A Great Book from 2025 on a Great Spiritual Teacher—Otto Rank

With one year ending and another dawning, it is customary to reflect on the outgoing year. One sees articles, for example, on “the best movies of 2025 nobody knows of.”

Otto Rank and the Creation of Modern Psychotherapy by Robert Kramer.

In today’s and Monday’s DM, I would like to meditate on what I consider one of the most important spiritual books of 2025 that few people have heard of.

I speak of Robert Kramer’s book, Otto Rank and the Creation of Modern Psychotherapy. As an act of transparency, I confess that Kramer and I taught a course together on Rank at UCS, and he invited me to write the Foreword to the book.

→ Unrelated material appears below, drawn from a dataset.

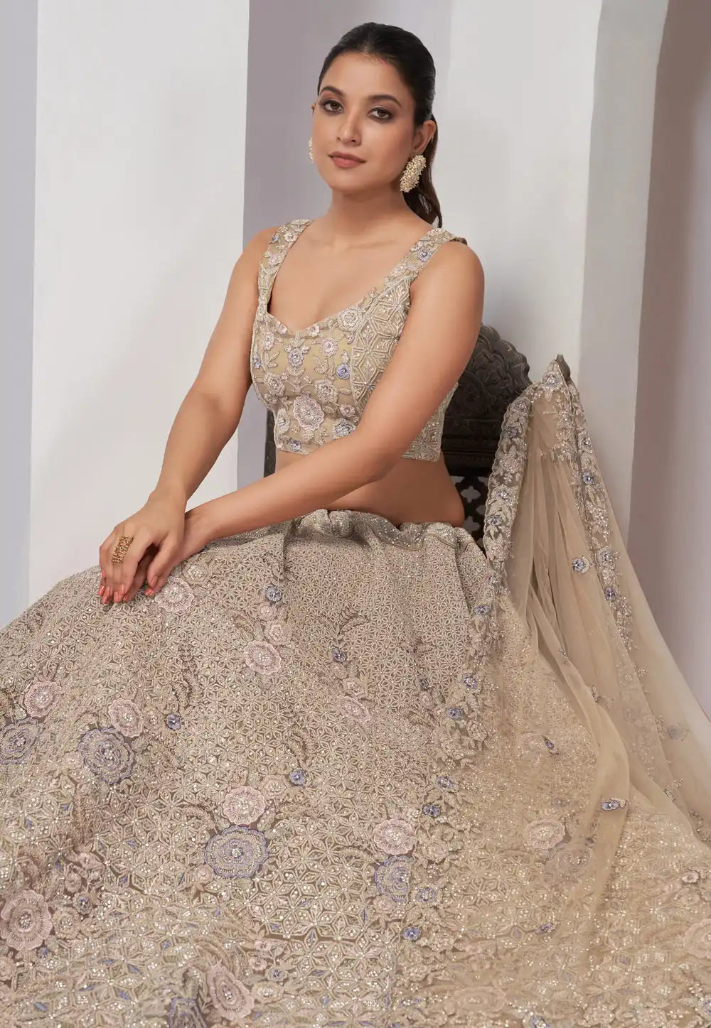 Experience the elegance and luxury of our Beige Heavy Embroidered Wedding Lehenga Choli. Made from soft net fabric and embellished with handwork, the lehenga as well the blouse feature intricate zarkan, dori and sequins embroidery all over. Comes with soft net embroidered dupatta. With a cancan netting, this piece is perfect for any wedding and festive occasions.

Those who know my work on Creation Spirituality and the prominent role that the Via Creativa plays in it know how dear Rank’s work is to me.

Like so many others who have studied Ernest Becker’s award-winning book, The Denial of Death, and his last work, Escape From Evil, it was Becker who first introduced me to Rank. When he said that Rank’s book, Art and Artist, was “the most important book of his life,” I sat up and took notice. I wrote a lengthy review of it back in 1979, titled “Otto Rank on the Artistic Journey as a Spiritual Journey, the Spiritual Journey as an Artistic Journey,” and have been living with Rank ever since.

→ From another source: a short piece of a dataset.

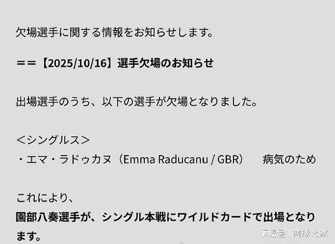 我們再來關(guān)注球員動態(tài)。北京時間昨晚,WTA500東京站官宣,英國一姐拉杜卡努因病退出了將于下周開打的這站比賽。祝拉杜早日康復(fù)吧!
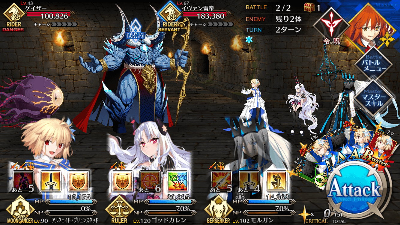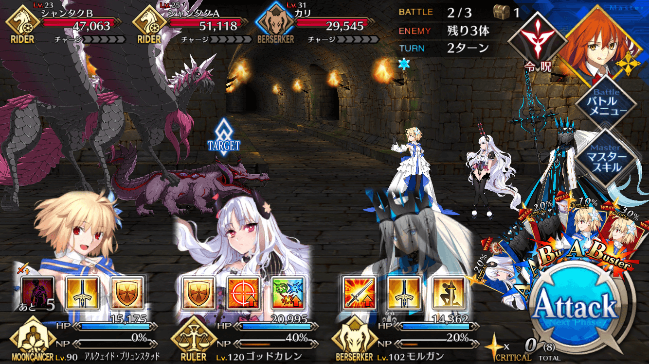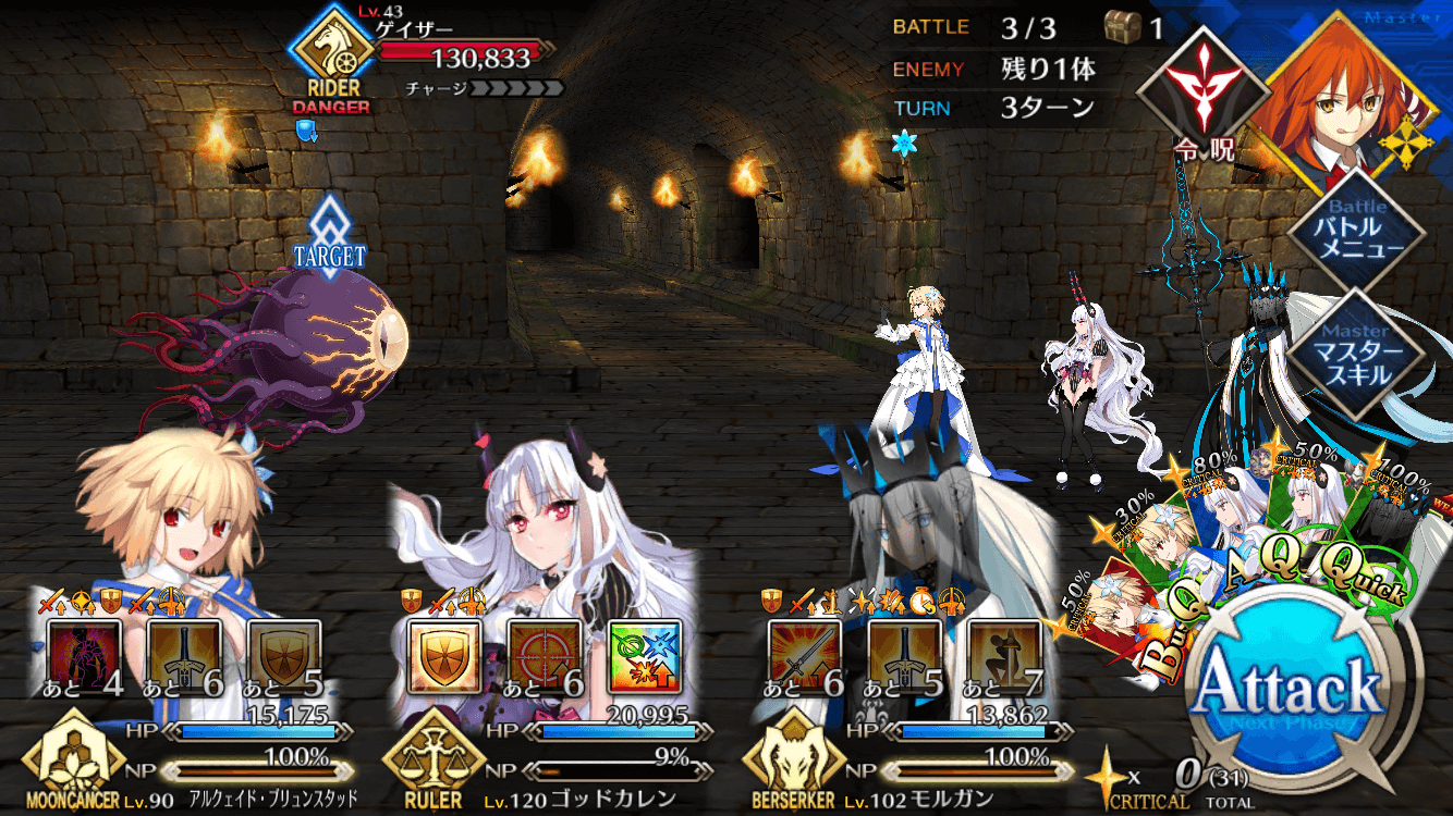 | ・軍略[B]→悪魔の軍略[A] ・宝具威力アップの倍率強化 (9~18%)→(10~20%) ・宝具威力アップの効果時間延長 (1T)→(3T) ・味方全体のB性能アップが追加 (3T/10~20%) ・自身に被ダメージ時効果(3T/5回)追加 ┗敵単体の防御力ダウン(3T/10%) |

The following year, 1980, I published my major book on Meister Eckhart, Breakthrough: Meister Eckhart’s Creation Spirituality in New Translation (today called Passion For Creation: The Earth-Honoring Spirituality of Meister Eckhart), containing 37 of his principal sermons, including, of course, nine sermons on Creativity or the Via Creativa. I found Rank and Eckhart very much brothers in communion of thought around the pivotal role that creativity and also the quest for justice play in our spiritual life.

Matthew Fox reflects on Otto Rank’s words regarding the role of the artist in witnessing the conflicts and struggles of our world and society, and birthing new visions thereby.

Robert Kramer has been studying and teaching Otto Rank for many decades. This book marks a culmination of his findings and deep research into Rank’s relationship with Sigmund Freud, which began so powerfully but ended tragically. As Kramer puts it, Rank was Freud’s “closest associate in Vienna from 1906 until 1926,” and it was he who eventually “created the principles of modern psychotherapy, which focus on the quality of the therapist-client relationship.” 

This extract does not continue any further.